Defining access status
There are many different types of OA, and importantly, these differ in terms of citation behaviour (Archambault et al. 2014b). Conceptual clarity on how articles are classified as OA in the WoS database is also lacking. As a result, the distinction between the different types of OA is not clear-cut. We therefore decided to focus on two types of articles that have the strictest and clearest definitions. The first type, subscription journal articles, we define as those that have no (OA) label in the WoS metadata. They were published in subscription only journals, and no self-archived versions of those articles are available.
The second type, OA journal articles, we define as those published in OA journals listed on the DOAJ. The WoS metadata contains five categories of OA, but these are not mutually exclusive, and therefore articles can be assigned more than one of these categories. One of these categories is Gold DOAJ, which is applied only to those articles published in DOAJ listed journals, and, for the purpose of our study, we classified all articles in this category as OA journal articles. All articles that have one of the other OA labels, but not Gold DOAJ, were excluded on the basis that their definition is unclear, or they refer to self-archived articles. An example of the ambiguity is the Gold Other label: an article with this label may be an OA journal article published in a journal not listed in the DOAJ, or it may be a hybrid OA article. Limiting our definition of OA journal articles to Gold DOAJ led to an exclusion of 22.8% of all the articles indexed for the years investigated. Of all the articles indexed for the years investigated 9.2% are Gold DOAJ articles and 67.9% are subscription journal only articles.
In summary, we define the variable access status as a dichotomous one, comprised of two attributes: Gold OA journal articles published in DOAJ listed journals; and subscription journal articles of which no self-archived versions are available. These two categories are henceforth referred to as ‘OA journal article’ and ‘subscription journal article’.
Data extraction and definition of the population
The data required for this study were extracted from what was, at the time of the study, the most recently available (2018) version of the WoS metadata housed at the Centre for Research on Evaluation, Science and Technology (CREST). The population was defined as all English-language articles and reviews published between 2013 and 2015 in either OA journals or subscription journals, and, in the case of the latter, for which no OA versions were available. This definition and the aim of the study imply selection in terms of language, document type, publication year, and subject area. The decisions underlying our selection in terms of each of these variables are elaborated upon below.
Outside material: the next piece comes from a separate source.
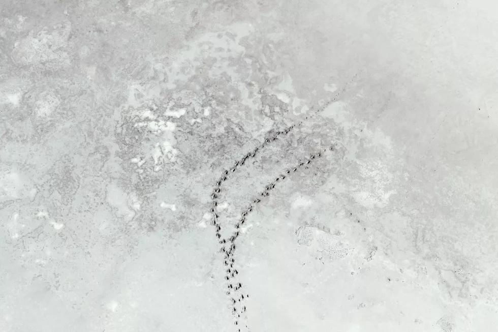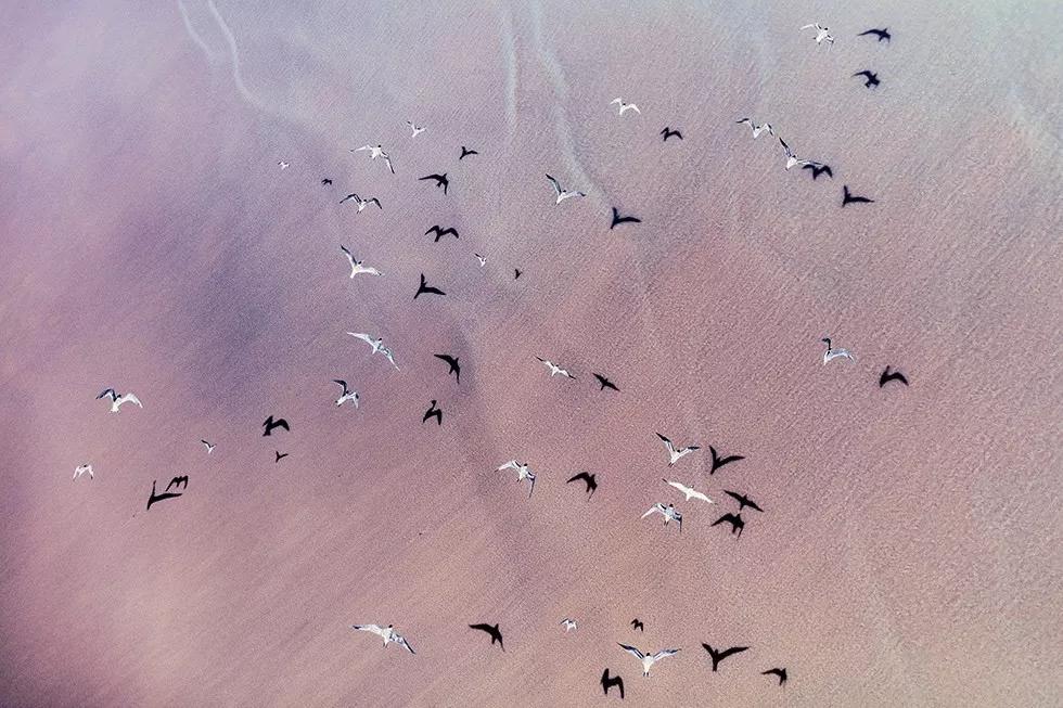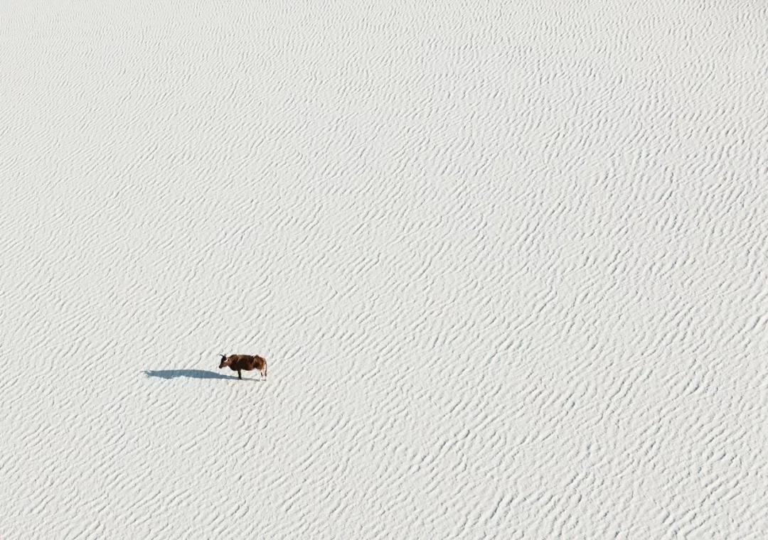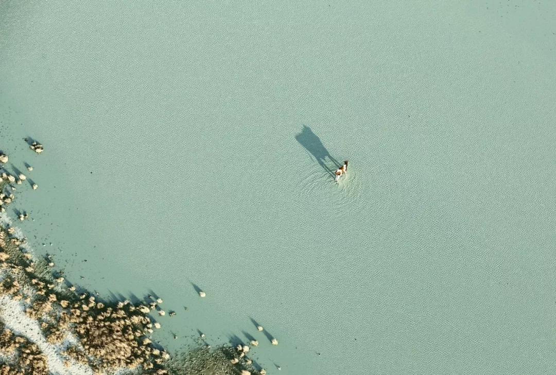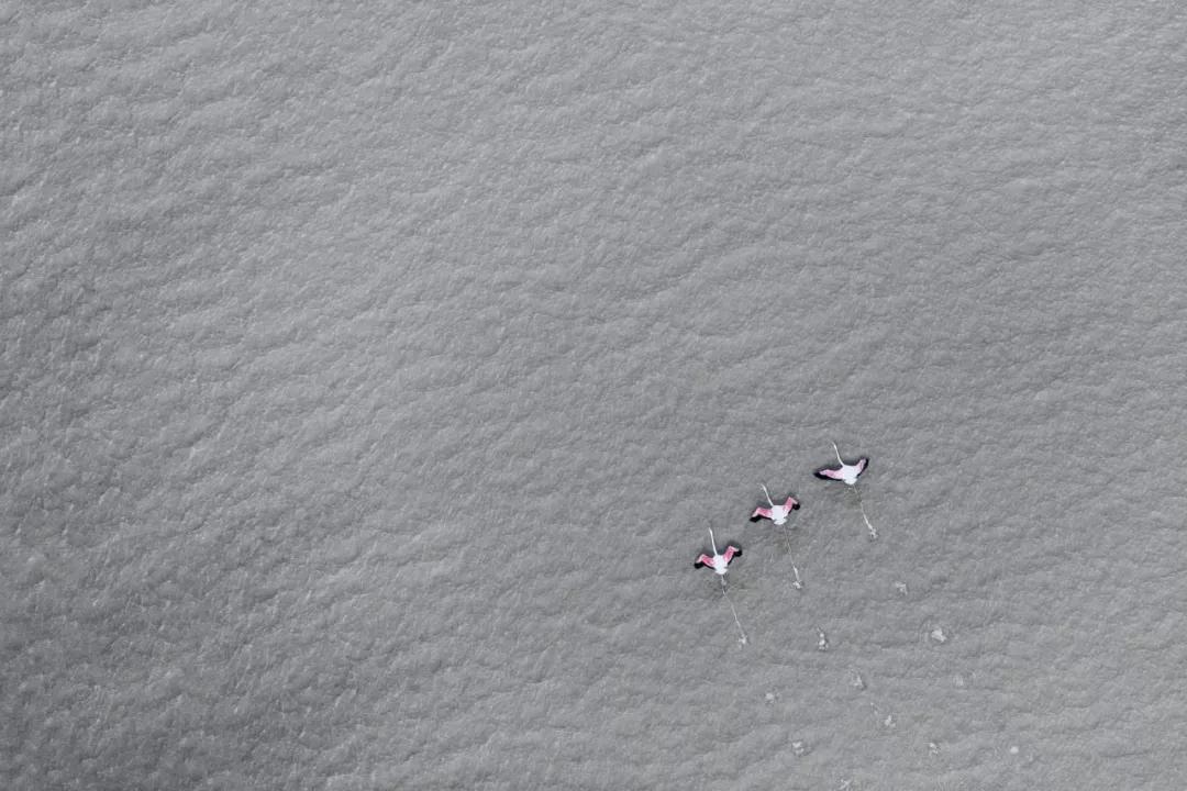 如火烈鳥、好望角大羚羊、甚至是一只在蔚藍的海水中休息的烏龜。動物們行進時留下的痕跡和陰影都是他作品中重要的組成元素。

Our selection of the publication years 2013 to 2015 reflects a weighing up of various considerations. First, we needed to include articles in our analysis that were published as recently as possible, in order to account (and compromise) for changes in journals’ policy on OA, and how these are managed in WoS. In short, an article published in a journal that is not classified as an OA journal at the time of that article’s publication in the journal, is retrospectively classified as an OA journal in WoS if that journal changes its policy to become an OA journal. Thus, an article classified as an OA journal article in the 2018 version of the WoS metadata, may not have been OA when it was originally published and, more importantly, when it received its citations. In order to reduce the likelihood of reproducing retrospective classifications in our data set, we reduced our publication window by excluding articles published before 2013.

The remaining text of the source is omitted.